People v. Brown

71 Cal. App. 2d 166 | Cal. Ct. App. | 1945

■NOURSE, P. J.The

The defendant was tried by a jury on an information charging a violation of subdivision 2 of section 337a of the Penal Code. The jury returned a verdict of guilty and the appeal is taken from the ensuing judgment.

The pertinent provisions of the code section under which defendant was tried declared every person guilty of a felony “Who, whether for gain, hire, reward, or gratuitously, or otherwise, keeps or occupies for any period of time whatsoever, any room . . . with a book or books, paper or papers, apparatus, device or paraphernalia, for the purpose of recording or registering any bet or bets . . .” on the result of any contest of skill, speed or power of endurance.

The sole attack upon the judgment and verdict is that the evidence herein is insufficient. Reciting the evidence *167in the light most favorable to the respondent, as we are required to do following the jury verdict, it appears that at the time of his arrest the appellant was keeping and occupying a room or place of business fitted in the manner customarily maintained by bookmaking establishments and containing all the usual paraphernalia for that purpose. The premises consisted of a cigar store at the rear of which was a room thirty-two feet long by eighteen feet wide with a counter running along the side of the room for the full eighteen feet with the usual pipe running on the top of the counter from which were suspended boards with the run-down sheets attached to them giving the entries and other racing information covering the races then being conducted at Bay Meadows, Narragansett and Belmont. Defendant also had in his possession at that time other papers known as “records of bets” containing the number of the horse, the amount of money bet and whether the bet was to win, place or show. These betting records all checked with the run-down sheet on Bay Meadows and in some instances showed the prices paid on horses that had run. When he was placed under arrest the defendant was asked by the arresting officer “if that was all his betting records” and he answered yes that those were the betting records for that day. He also told the arresting officer, in answer to his question, that he was the only one working on the premises. While the officer was making the arrest the telephone on the premises rang and information was then given of the result and prices paid upon one of the races shown on one of the run-down sheets which the defendant had in his possession.

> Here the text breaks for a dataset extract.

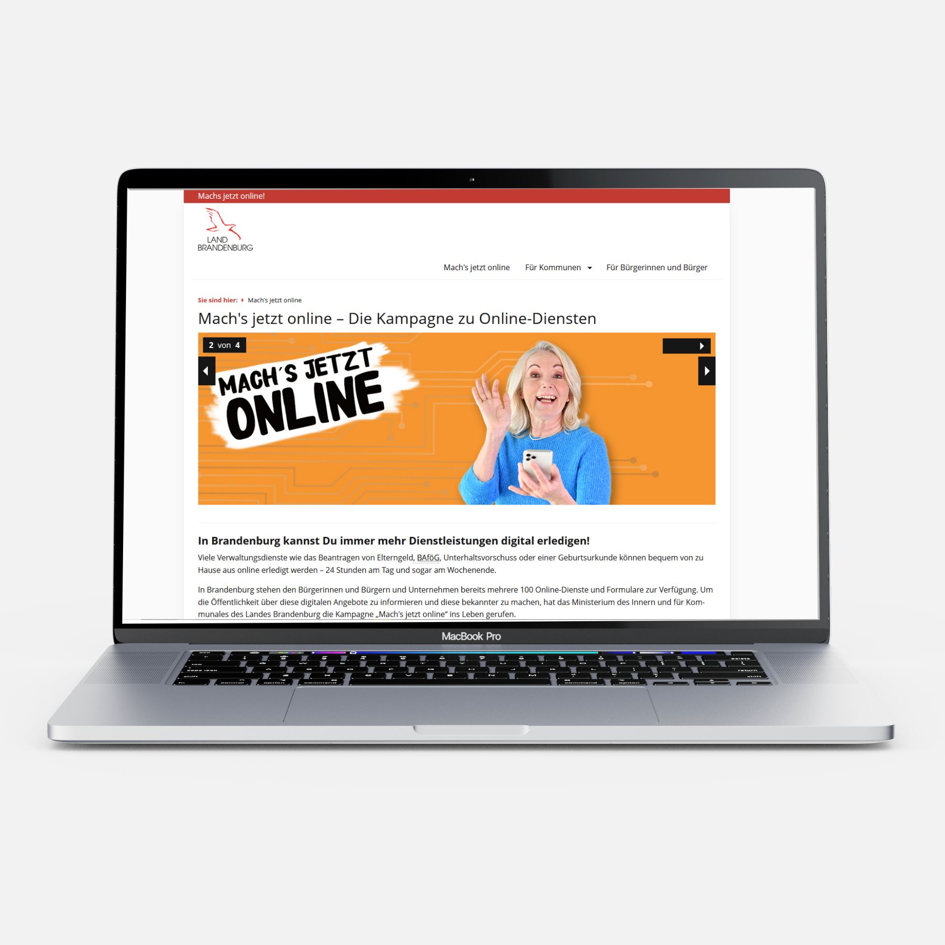 Um die Bürgerinnen und Bürger im Land Brandenburg dafür zu gewinnen, startete das Ministerium des Innern und für Kommunales die landesweite Kampagne „Mach’s jetzt online“. CONVIS setzte dafür ein umfassendes Toolkit mit Plakaten, Postkarten, Bannern, Social-Media-Posts und Starterkits für über 200 Kommunen um – begleitet von einer eigenen Kampagnen-Website, Webinaren und Pressearbeit. So wurden die Kommunen befähigt, digitale Verwaltungsangebote sichtbar zu machen und ihre Nutzung zu steigern.

The arresting officer was qualified as an expert witness following five years’ experience, during which he made several hundred arrests in cases of this character and from this experience testified that the premises occupied by the appellant had all the usual and customary arrangements and paraphernalia generally used by “bookies” for recording and accepting bets on horse races. He then explained how the run-down sheets suspended from the pipe over the counter are used for giving information to the bettors and that the duty of the man behind the counter was to take and record these bets. Duplicates of all these records were contained in a recording machine which was found on the premises but when put under arrest the appellant stated that he did not have a key to this machine. This is the only evidence in the entire record which appears in any degree favorable to the *168appellant. He did not take the stand as a witness and offered no evidence in his behalf, a fact which the jury could take into consideration. (People v. McCabe, 60 Cal.App.2d 492, 498 [141 P.2d 54].)

The question of the sufficiency of the evidence is scarcely a debatable one. He was charged with occupying a room, with the paraphernalia used for the purpose of recording bets. He admitted that he was the only one employed on the premises. Twelve other men were in the large room presumably for the purpose of placing bets on the races or viewing the proceedings. That the room was prepared, furnished and maintained for the purpose of recording bets does not admit of argument. Since no other error is assigned we must affirm the judgment on the authority of People v. Hinkle, 64 Cal. App. 375 [221 P. 693] ; People v. Manning, 37 Cal.App.2d 41 [98 P.2d 748] ; People v. Steinfeld, 38 Cal.App.2d 280 [101 P.2d 89]; People v. Roche, 68 Cal.App.2d 665 [157 P.2d 440]; and People v. Partee, 70 Cal.App.2d 736 [161 P.2d 586].

The judgment is affirmed.

Goodell, J., and Dooling, J. pro tern., concurred.